The opinion of the court was delivered by: Dora L. Irizarry, U.S. District Judge:


Pro se plaintiff Tyrone Jones ("Plaintiff"), an inmate currently in the custody of the New York State Department of Correctional Services ("DOCS"), brings this action pursuant to 42 U.S.C. § 1983 ("Section 1983"), alleging that defendants Dr. Christin A. Montalbano ("Dr. Montalbano") and Dr. Lester Wright ("Dr. Wright", collectively "Defendants") acted with deliberate indifference to his serious medical condition, in violation of his Eighth Amendment rights. (See generally Doc. Entry No. 1, Compl.) Defendants move to dismiss the action pursuant to Rule 12(b)(6) of the Federal Rules of Civil Procedure. For the reasons set forth below, Defendants' motion is granted.

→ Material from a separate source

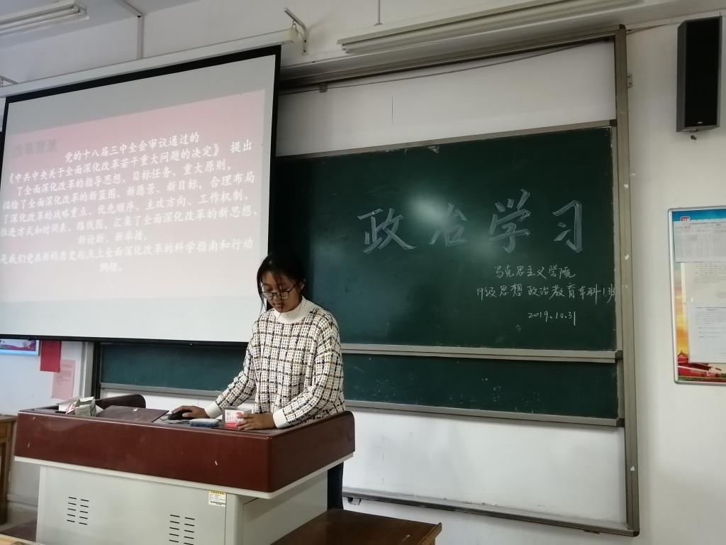 为回顾改革伟大历程,了解外部环境的深刻变化和我国改革面临的新情况、新问题、新挑战,坚定全面深化改革的决心,2019年10月31日,2018级、2019级思想政治教育专业全体同学在一号教学楼A31教室举办了以“举旗定向 谋篇布局 改革全面发力”为主题的政治学习活动。

Plaintiff alleges that on or about the week of February 23, 2009, while he was incarcerated at the Arthur Kill Correctional Facility ("Arthur Kill"), he met with a Dr. Ellen Gompreach ("Dr. Gompreach") for a medical appointment. (Compl. ¶ 7.) During the appointment, Plaintiff informed Dr. Gompreach that he was experiencing eye pain and blurred vision and Dr. Gompreach referred him to Staten Island University Hospital ("SIUH") for emergency services. (Id. ¶¶ 7, 8.) Plaintiff was examined by a specialist/ophthalmologist at SIUH, who prescribed Plaintiff two liquid solutions to treat his eye. (Id. ¶ 9.) Plaintiff applied the solutions, as directed by the specialist/ophthalmologist, until he was summoned to the pharmacy at Arthur Kill. (Id. ¶ 10.) Upon arrival at the pharmacy, a nurse directed Plaintiff to surrender the prescribed eye solutions in exchange for three different solutions. (Id. ¶¶ 10-11.) Plaintiff inquired why he was directed to exchange the medications, whereupon the nurse allegedly informed plaintiff that "the doctor does not want to pay the price for what [SIUH] ordered, so I was ordered to give you a generic brand." (Id. ¶ 11.)

For several weeks after utilizing the generic medication, Plaintiff alleges he experienced worsening eye pain, accompanied by redness and distortion of his already blurred vision. (Id. ¶ 12.) On June 3, 2009, Plaintiff met again with Dr. Gompreach for an examination. (Id. ¶ 13.) Plaintiff explained to Dr. Gompreach that his condition had worsened since taking the generic medication and Dr. Gompreach directed Plaintiff to discontinue use of one of the solutions. (Id.) Additionally, Dr. Gompreach referred Plaintiff to the specialist/ophthalmologist at SIUH for a Vision Field Examination. (Id.)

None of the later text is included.